When Elena originally wrote this article it was written for Italian language students and you can find it here in the Language section under Italian Speakers Club. She goes into depth about the different regional Italian names for a croissant and a brioche, but if you're here reading this in English and not there reading it in Italian, I suggest you always ask for a 'cornetto' when you mean a croissant and if you want something else then simply point. I still do that myself sometimes when I'm in an unfamiliar part of Italy.
The cornetto however is not the same as the fresh buttery croissant that you find in France, and here it will often be made with eggs, so it is not the same thing at all as a French croissant which contains lots of butter, but no eggs. Though both were originally derived from the Viennese pastry kipfel, the French adapted their version to include more butter, probably because dairy and butter have always been plentiful in France, but not so much in Italy.

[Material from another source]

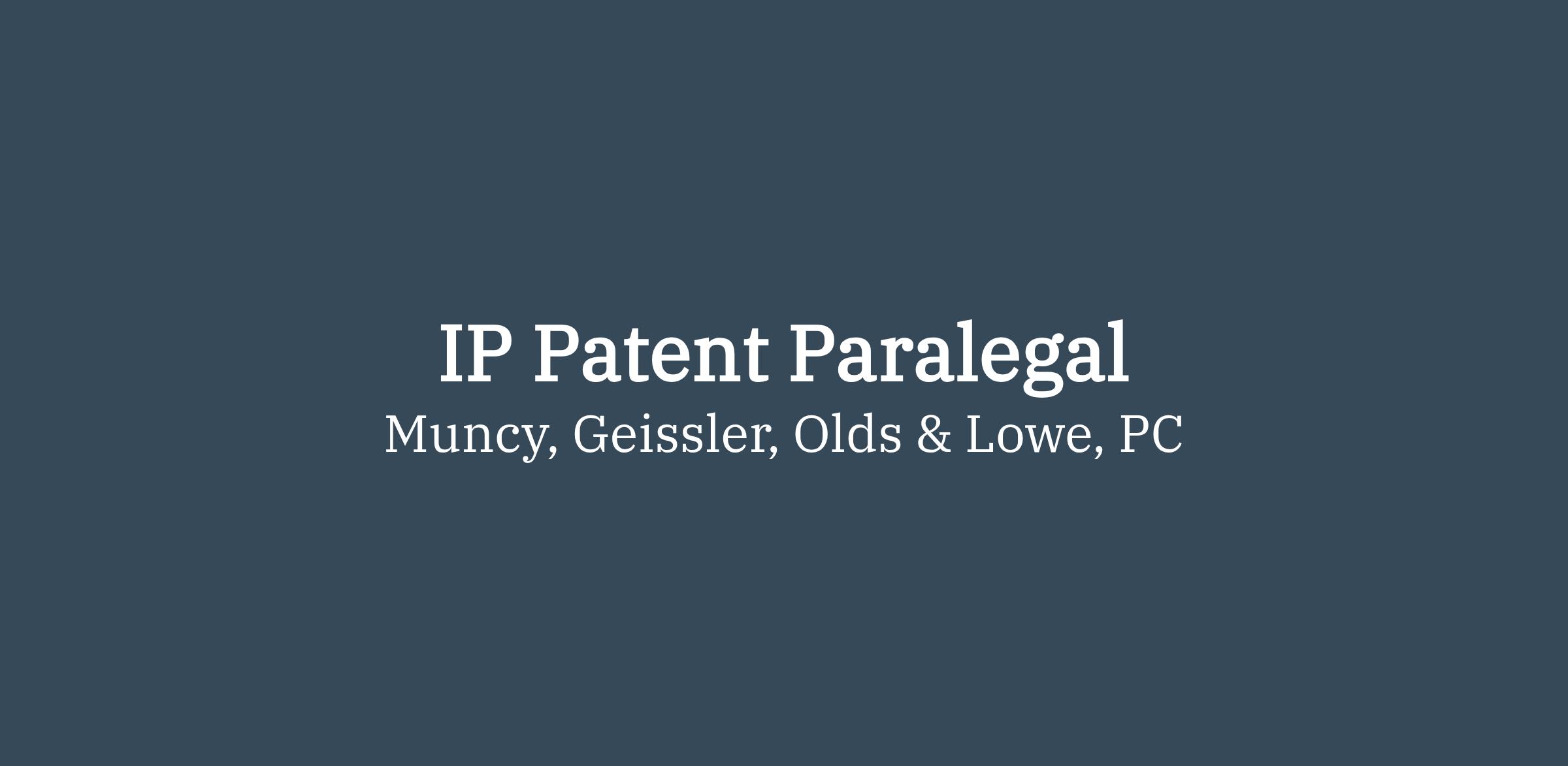 Muncy, Geissler, Olds & Lowe, P.C. (MG-IP) is seeking a detail-oriented, full-time professional for a remote dual-function role focused primarily on IP patent paralegal responsibilities, with secondary support in docketing.

More important perhaps than the baking ingredients is the choice of what you can have for the filling in the middle of the cornetto and there is normally a good selection, including some or all of the following:
Vuoto (empty), which means no added filling
Frutti di bosco (berries), means a raspberry or blackcurrant jam filling
Albicocca (apricot), means an apricot jam filling and is very popular with Italians
Crema (cream), means a custard cream filling
Cioccolato (chocolate) means some type of chocolate cream filling which may be Nutella but not always
Pistacchio (pistachio), means a green pistachio flavored cream filling
I'm not sure why it has taken two articles, lots of photographs and diagrams and I don't know how many words to describe the simple breakfast that you see below, but when it comes to the Italian morning ritual nothing is ever very simple.
The good news of course is that you don't have to worry too much about food at breakfast in Italy because after a couple of days of excellent lunches and dinners you will start thinking like an Italian in the morning and give all your attention to the coffee.